Starting at the first line of the data, please print exactly those lines through the one that holds "以簡單的支管構(gòu)造來", omitting every picture.

> **Given information**
--- START ---

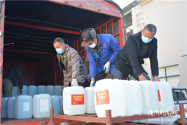 物资运到后,其中3吨消毒液定向捐赠给澴潭镇,其余7吨由随县防控指挥部接收并分配。代表澴潭镇前来接受捐赠的郑勇说:“镇上每天都用消毒液喷洒消毒,这批捐赠真是及时雨。”
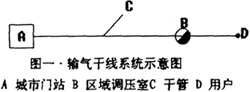 以簡單的支管構(gòu)造來分析,參見圖一,通過千管的輸氣量與干管始,末端的壓力之間存在如下關(guān)系:
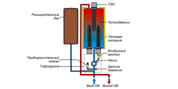 - Моделите TEN са традиционни опции. Нагревателният елемент се загрява от електричество и предава топлина към охлаждащата течност, която го прехвърля към монтираните радиатори. Това устройство е оборудвано с термостат, което ви позволява да поддържате температурата на определено ниво. Недостатъците включват скала, която се събира върху нагревателния елемент;

--- END ---

> **Your solution**
 物资运到后,其中3吨消毒液定向捐赠给澴潭镇,其余7吨由随县防控指挥部接收并分配。代表澴潭镇前来接受捐赠的郑勇说:“镇上每天都用消毒液喷洒消毒,这批捐赠真是及时雨。”
 以簡單的支管構(gòu)造來分析,參見圖一,通過千管的輸氣量與干管始,末端的壓力之間存在如下關(guān)系:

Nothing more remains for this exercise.